The new chief of surgery at the largely African American medical school got a call of welcome from the white elder statesman of Georgia surgery, and they became fast friends. When Weaver needed encouragement in building his department Dalton was there with advice and support. While Weaver was already a core member of the national stage of African American medicine, Dalton knew that the newcomer's success in Atlanta would be facilitated by good relationships with the close-knit Georgia surgical community. The former guided the latter's entry into the proudly independent and previously all-white Georgia Surgical Society. Weaver's acceptance was so complete that he served as its president in 2005. Dalton nominated Weaver for membership to the Southern Surgical Association, where Alice Dalton made sure that Kay Weaver was welcomed to all social events. When another newcomer came to Georgia to succeed Dalton as chair at Mercer when the latter was named dean of the university's school of medicine, Weaver, in today's parlance, "payed it forward," and made sure Dalton's successor, another member of a racial minority, was welcomed into the state's surgical community.

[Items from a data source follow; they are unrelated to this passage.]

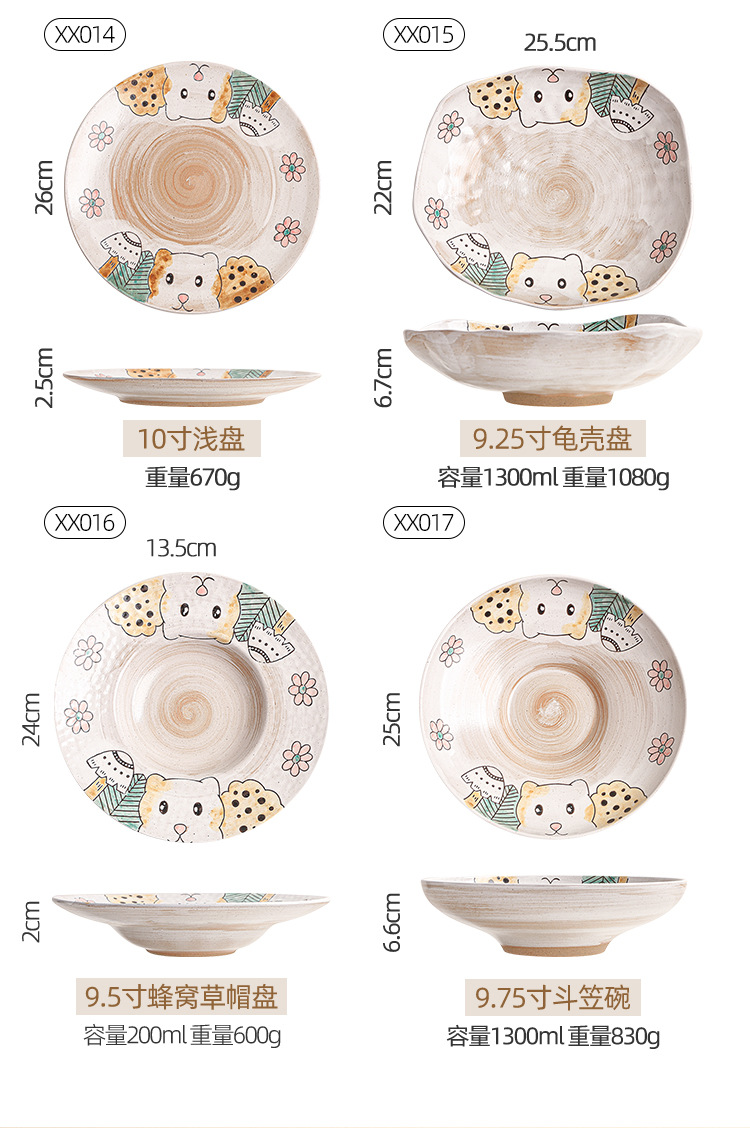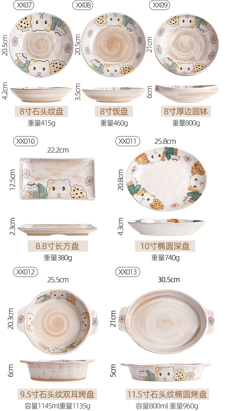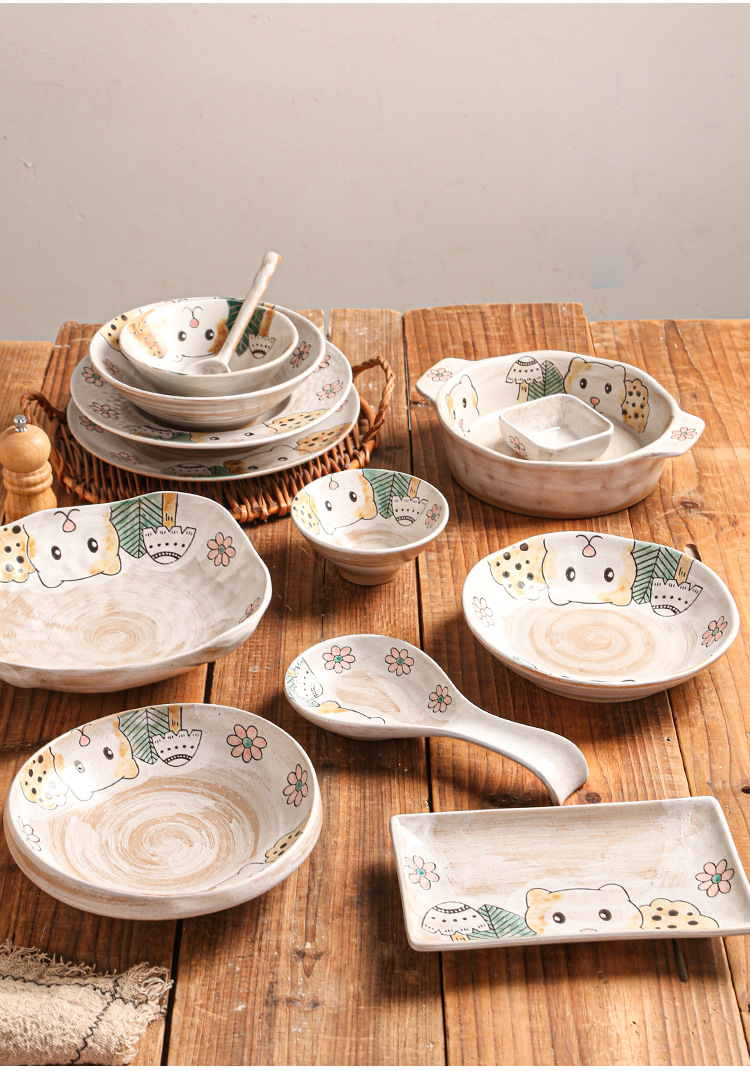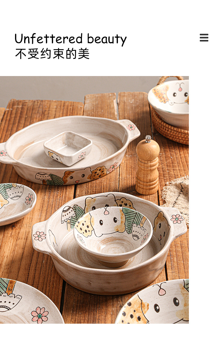 hand-painted clay bear ranch underglaze ceramic rice bowl plate three-dimensional oil painting tableware bowl and dish gift set
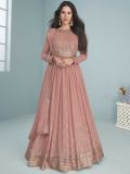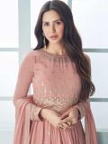 Get your hands on this peach color floor-length anarkali kameez in georgette. Augmented using sequins and thread embroidery all over. Teamed with a matching georgette dupatta and a matching bottom in shantoon. Note: Accessories shown are for styling purpose only. Slight color variation may occur due to photographic reasons. The semi-stitched kameez can be customised upto 42 inches.
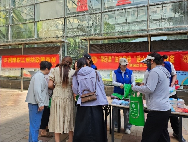 活动现场设置咨询服务台,工作人员通过“讲解+互动”模式传递惠民政策。法律宣传区聚焦《劳动法》《工会法》等法规,以案例解析形式解答劳动合同纠纷、工伤认定等问题,引导居民依法维权;安全生产宣传区通过应急知识手册,向居民详解家庭用电、燃气安全及火灾逃生技巧,强化居民安全防范意识;困难职工帮扶区则细致介绍医疗互助、困难职工帮扶等各项政策,并现场指导申请流程。
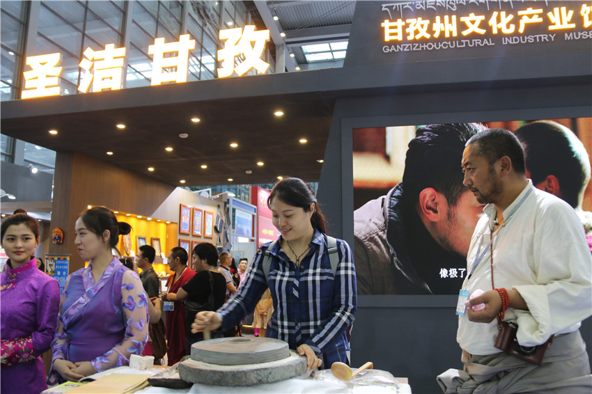 開(kāi)館剛開(kāi)始,我州獨(dú)特文化產(chǎn)業(yè)就吸引各方來(lái)客。在展廳正門(mén)前,德瓊莊園農(nóng)業(yè)文化有限公司扎呷現(xiàn)場(chǎng)演藝磨子推糌粑,他一邊推,一邊說(shuō),糌粑是青稞炒熟后磨成的面,是天然的綠色食品,是藏民族千百年來(lái)的傳統(tǒng)主食之一。這時(shí),很多市民都停住了腳步,品嘗產(chǎn)品的同時(shí),也親手體驗(yàn)這古老的手工磨具。
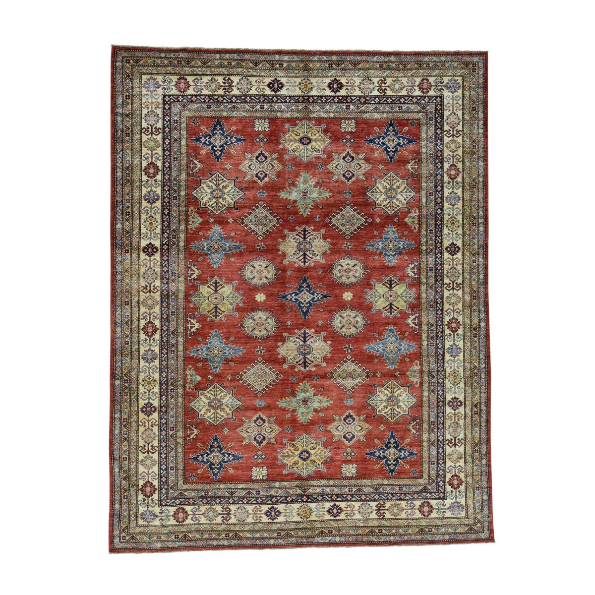 Features- This is a truly genuine one-of-a-kind hand-knotted pure wool geometric design super kazak rug
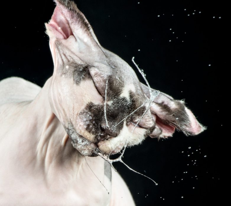 После того, как собаки или кошки привыкнут к студии и полностью в ней освоятся, фотограф просто гладит их влажными руками, и этого достаточно, чтобы животные начали отряхиваться. Также, случалось, он ловил такие моменты во время обычной гигиенической процедуры, когда кошкам чистили ушки.
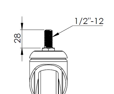 | 活動式腳輪,牙心鉚合沖壓腳架—1/2"-12牙 表面振動,絲扣式安裝裝置 耐衝擊聚丙烯輪芯,熱塑性彈性體(TPR)輪面 灰色,輪子—中管式。 |
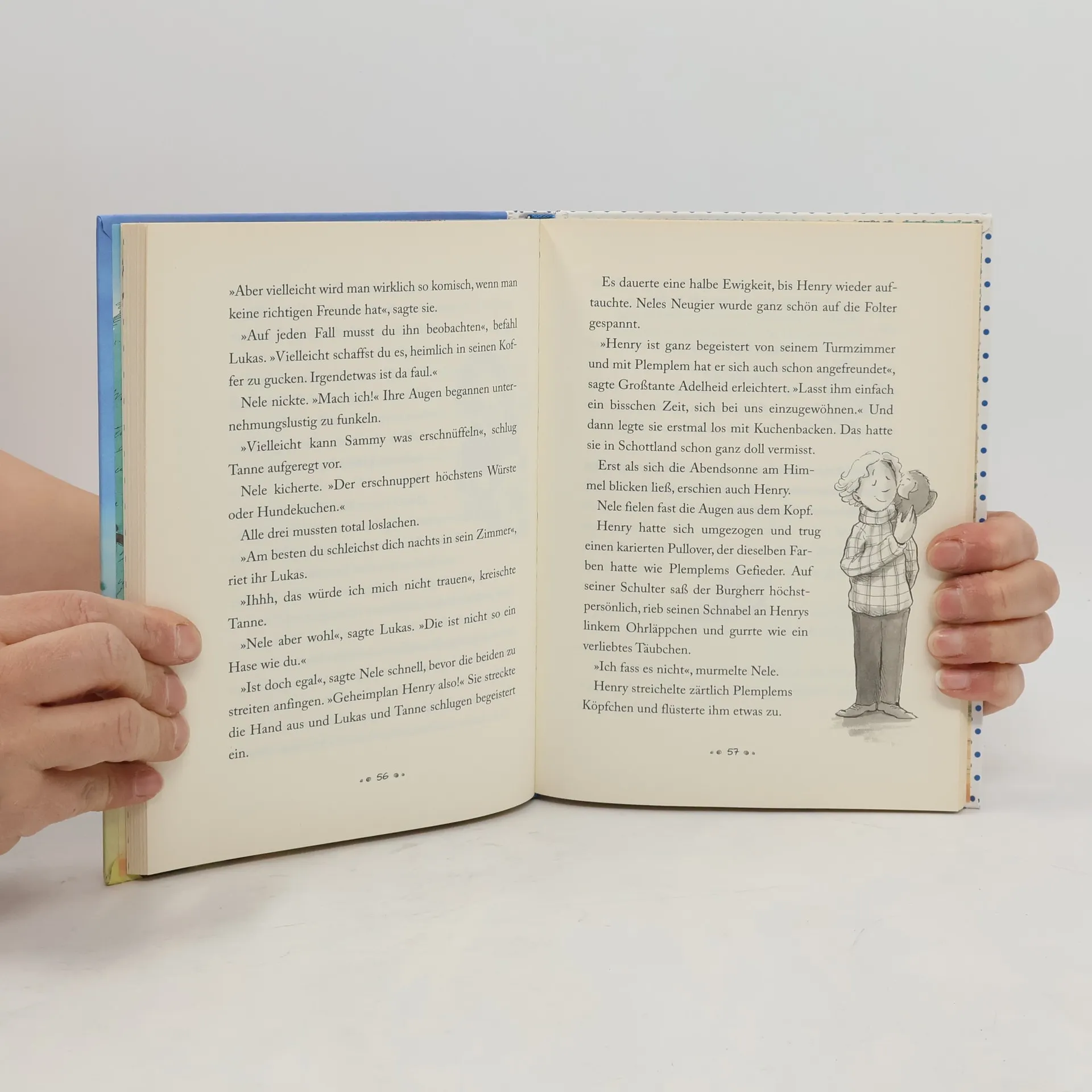 Lustige Abenteuer aus dem Kinderalltag Großtante Adelheid hat wichtige Neuigkeiten für Familie Winter! Sie bekommen vorübergehend Familienzuwachs. Henry, der Sohn ihrer schottischen Freunde, wird für zwei Wochen bei ihnen wohnen und Neles Klasse besuchen. Nele ist superneugierig auf Henry – vielleicht kann er ihr alles über schottische Seeungeheuer erzählen. Als Henry dann angereist kommt, stellt Nele fest, dass Henry ganz schön eingebildet bis. Doch dann zeigt Henry plötzlich, was wirklich in ihm steckt! Ausstattung: Mit s/w Illustrationen

In January 2019 Weaver made his final academic presentation on race and gender equity at a plenary session of the annual meeting of the Eastern Association for the Surgery of Trauma. Instead of the compelling stories of his childhood, he decided to commemorate his relationship with Dalton, and how friendship and mentorship transcended race and culture.
Lynn's StoryCorps podcasts are available online. Another was recorded by the American Medical Association about his experience with a dying patient. Please share them with your family and residents.

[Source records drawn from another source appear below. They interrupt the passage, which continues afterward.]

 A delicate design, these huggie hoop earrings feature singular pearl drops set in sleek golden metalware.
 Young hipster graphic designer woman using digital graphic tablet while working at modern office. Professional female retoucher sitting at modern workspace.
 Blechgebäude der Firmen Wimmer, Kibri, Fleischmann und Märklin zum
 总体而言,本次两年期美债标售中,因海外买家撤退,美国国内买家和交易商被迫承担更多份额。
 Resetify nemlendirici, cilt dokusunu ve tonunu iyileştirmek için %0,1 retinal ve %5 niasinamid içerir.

Lynn Weaver, requiescat in pace.
Biosketch
Weaver took his baccalaureate in pharmacy at Howard University (1974) and received his medical degree from Meharry Medical College (1978). He interned at the Fitzsimmons Army Medical Center in Denver and trained in surgery at Madigan Army Medical Center in Tacoma. He completed his service in the Medical Corps of the U.S. Army (1974-1987) at the rank of Major and chief of general surgery at the Veterans Administration Hospital at the Blanchfield Army Medical Center at Fort Campbell, KY. He joined Eddie Hoover, then professor and chair of the department of surgery at Meharry Medical College (1987-1990). When the residency at Meharry closed in 1990 Weaver moved to Brooklyn to practice until he was recruited to rejoin Hoover at the State University of New York Buffalo School of Medicine as professor and chief of surgery at the VA Hospital (1992-1996). After his term as chair of surgery at Morehouse School of Medicine (1996-2009), he was named senior associate dean at the Ross University School of Medicine (2013-2018). He ended his career as chief of the VA Hospital in Fayetteville, NC (2018). In addition to serving as chair of the Section on Surgery of the National Medical Association (2005-2006) and president of the Society of Black Academic Surgeons (2009-2010), he was a Fellow of the American College of Surgeons and a member of the American Surgical Association and the Southern Surgical Association.